Every line of the entries below from the one containing "Surpreenda seus convidados" to the one containing "состоянии здоров'я диктатора.", both ends included, must be written out exactly. No other line belongs in the answer.

**Extracted records:**
┌──
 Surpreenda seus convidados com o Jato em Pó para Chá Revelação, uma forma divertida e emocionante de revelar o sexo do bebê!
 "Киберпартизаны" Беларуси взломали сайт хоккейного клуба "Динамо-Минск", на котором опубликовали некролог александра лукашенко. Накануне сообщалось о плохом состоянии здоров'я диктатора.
└──
┌──
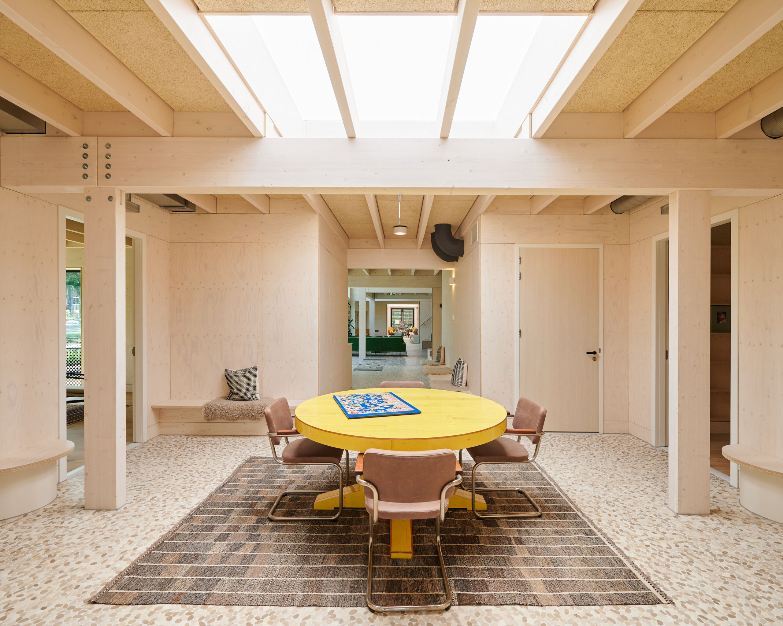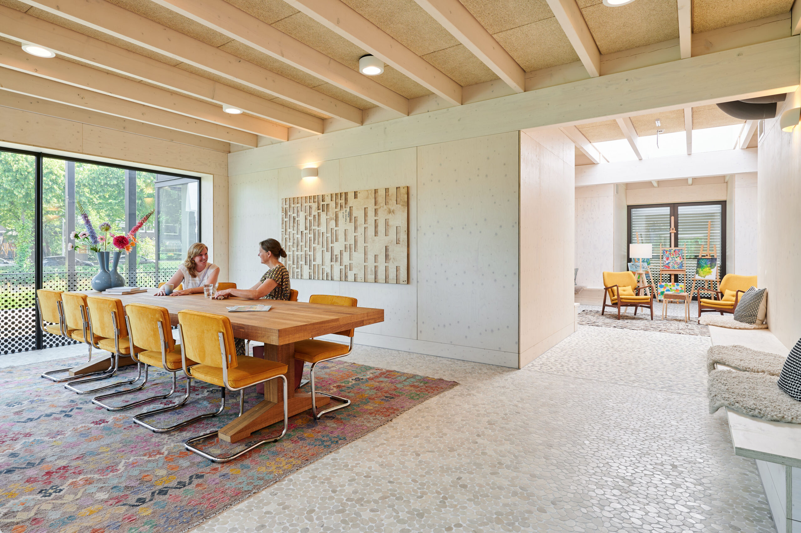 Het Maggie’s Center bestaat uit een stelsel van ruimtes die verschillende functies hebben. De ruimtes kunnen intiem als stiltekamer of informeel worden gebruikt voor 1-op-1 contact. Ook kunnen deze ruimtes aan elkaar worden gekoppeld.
└──
┌──
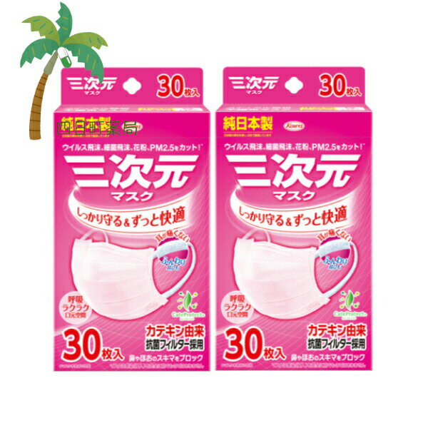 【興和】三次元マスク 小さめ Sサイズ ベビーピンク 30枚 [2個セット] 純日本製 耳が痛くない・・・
└──
**Answer for the task:**
 Surpreenda seus convidados com o Jato em Pó para Chá Revelação, uma forma divertida e emocionante de revelar o sexo do bebê!
 "Киберпартизаны" Беларуси взломали сайт хоккейного клуба "Динамо-Минск", на котором опубликовали некролог александра лукашенко. Накануне сообщалось о плохом состоянии здоров'я диктатора.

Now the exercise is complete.